(Records excerpted from a collection)

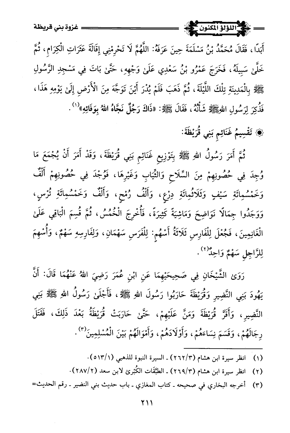 (¬3) أخرجه الحاكم في المستدرك - كتاب المغازي والسرايا - باب قتل امرأة من بني قريظة - رقم الحديث (4390) - وأخرجه أبو داود في سننه - كتاب الجهاد - باب في قتل النساء - رقم الحديث (2671) - وابن إسحاق في السيرة (3/ 266).
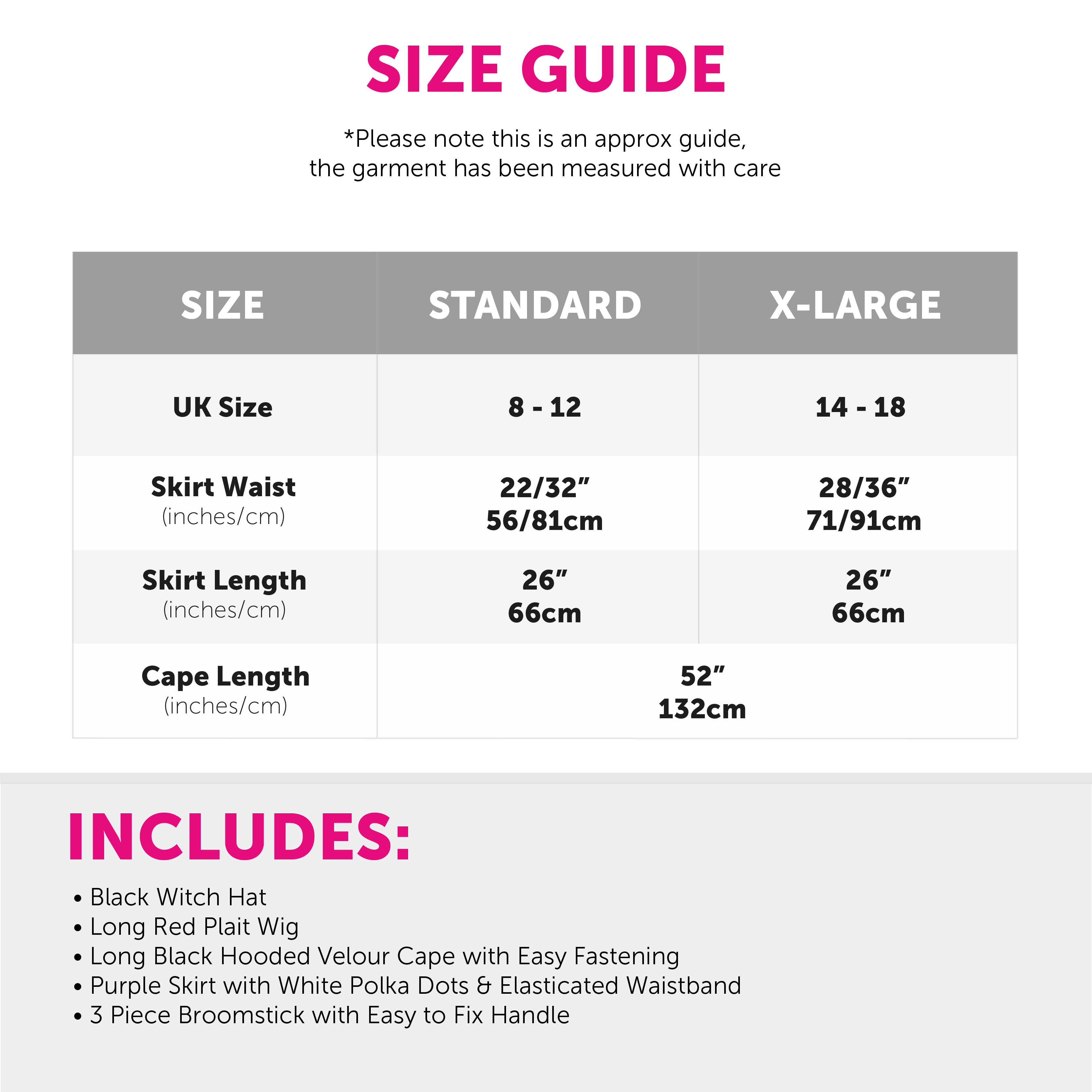 AVAILABLE IN TWO SIZES: Your Ladies Kind Witch Costume is available in two sizes only, Standard and Plus Size: Standard - (UK 8 - 12), Waist 22/32" (56/81cm), Length 26" (66cm) | Plus Size - (UK 14 - 18), Waist 28/36" (71/91cm), Length 26" (66cm)
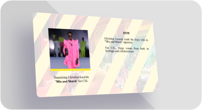 HYPE Christian Lacroix leads the hype with its “Mix and Match” signature. For CXL, Hype comes from both its heritage and collaborations. Translating Christian Lacroix “Mix and Match” for CXL
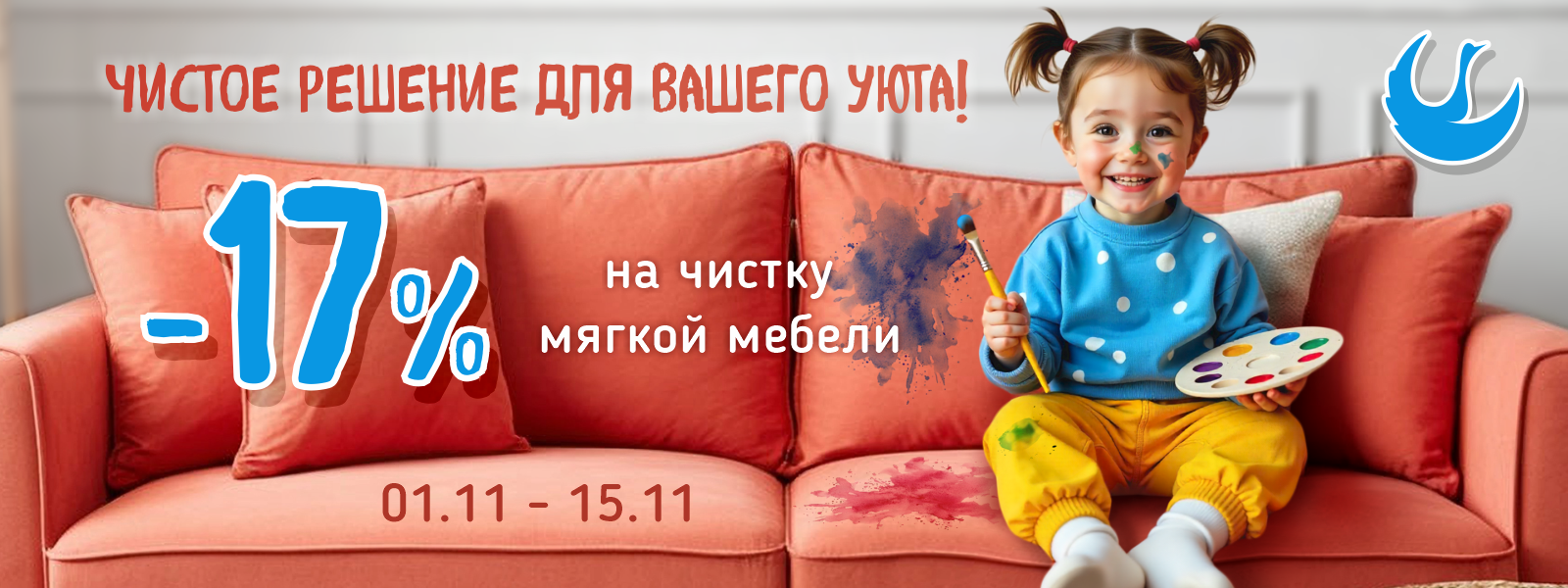 Условия акции: Скидка 17% при заказе химчистки мягкой мебели на дому или загородном доме.
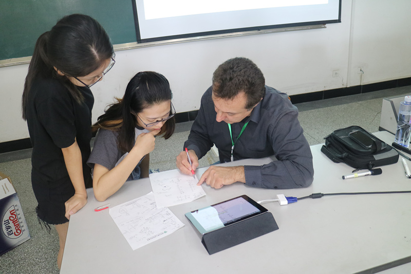 暑期国际教育周期间,Hamedi-Hagh教授为通信工程学院学生们详细对比讲解了新的简单快捷的分析电路的两种方式:suspendance analysis和trajectance analysis,学院安排专门的老师轮流从旁协助。通信工程学院国际教育周活动顺利结束。
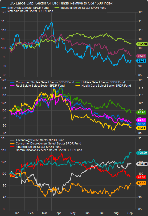 While falling interest rates (chart below) have eased some of the pressure on rate-sensitive sectors, Real Estate, Utilities, and housing-linked Consumer Discretionary still look vulnerable. Mortgage rates remain elevated relative to Treasuries, limiting affordability gains, and August housing data along with Lennar’s guidance suggest demand softness persists despite lower funding costs. Utilities, traditionally beneficiaries of declining rates, are struggling with competition from higher-growth sectors and questions around capital spending efficiency, leaving them less able to capture investor flows. In Consumer Discretionary, homebuilders and housing-adjacent names may not see meaningful relief until lower rates translate into improved affordability and demand, which typically lags by several quarters.
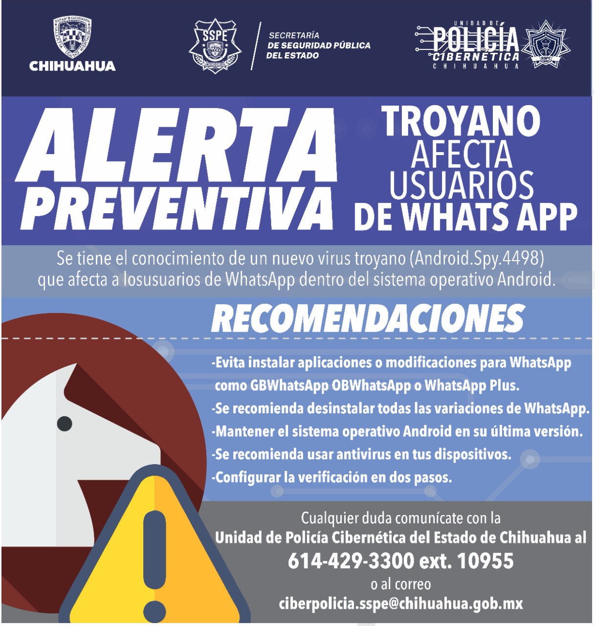 Derivado de los análisis de la Dirección de Policía Cibernética de la Secretaría de Seguridad Pública del Estado (SSPE), se detectó un virus troyano que afecta el programa de mensajería Whatsapp.
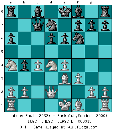 Last move : 0-1 2007 April 19 17:48:27 [Event "FICGS__CHESS__CLASS_B__000015"] [Site "FICGS"] [Date "2007.02.05"] [Round "1"] [White "Lubson,Paul"] [Black "Porkolab,Sandor"] [Result "0-1"] [WhiteElo "2032"] [BlackElo "2000"] 1.e4 c5 2.Nf3 d6 3.d4 cxd4 4.Nxd4 Nf6 5.Nc3 a6 6.Be3 e6 7.f3 b5 8.Qd2 b4 9.Na4 Nbd7 10.c4 Qc7 0-1 Sicilian : Najdorf, Byrne (English) attack Player Black won this chess game. Follow this game move after move (download)I am the best player in the world and I am here to prove it. (Bobby Fischer) Deine Wertungszahl - vorausgesetzt einige Jahre schachliche Anstrengung - entspricht etwa dem zehnfachen Deines IQ plus 1000. (Jonathan Levitt) Debemos de asegurarnos de que el Ajedrez no se convierta en un lenguaje muerto, muy interesante, pero tan solo para un grupo muy pequeño. (Sytze Faber) Les réformistes prétendent que les progrès de la théorie conduiront à la disparition des échecs, et qu'il faut, pour leur rendre vie, en remanier les règles. En réalité, qu'exprime cette affirmation? Le mépris de l'intuition, de l'imagination et de tous les autres éléments qui font des échecs un art. (Alexander Alekhine) Nowadays, anyone who cannot speak English and is incapable of using the Internet is regarded as backward. (Al-Waleed bin Talal)

- **PROBLEM TO WORK ON**
Print nothing except the lines above from the one containing "AVAILABLE IN TWO SIZES: Your" down to the one containing "Условия акции: Скидка 17%", both included, exactly as written and free of pictures.

- **RESPONSE TO THIS TASK**
 AVAILABLE IN TWO SIZES: Your Ladies Kind Witch Costume is available in two sizes only, Standard and Plus Size: Standard - (UK 8 - 12), Waist 22/32" (56/81cm), Length 26" (66cm) | Plus Size - (UK 14 - 18), Waist 28/36" (71/91cm), Length 26" (66cm)
 HYPE Christian Lacroix leads the hype with its “Mix and Match” signature. For CXL, Hype comes from both its heritage and collaborations. Translating Christian Lacroix “Mix and Match” for CXL
 Условия акции: Скидка 17% при заказе химчистки мягкой мебели на дому или загородном доме.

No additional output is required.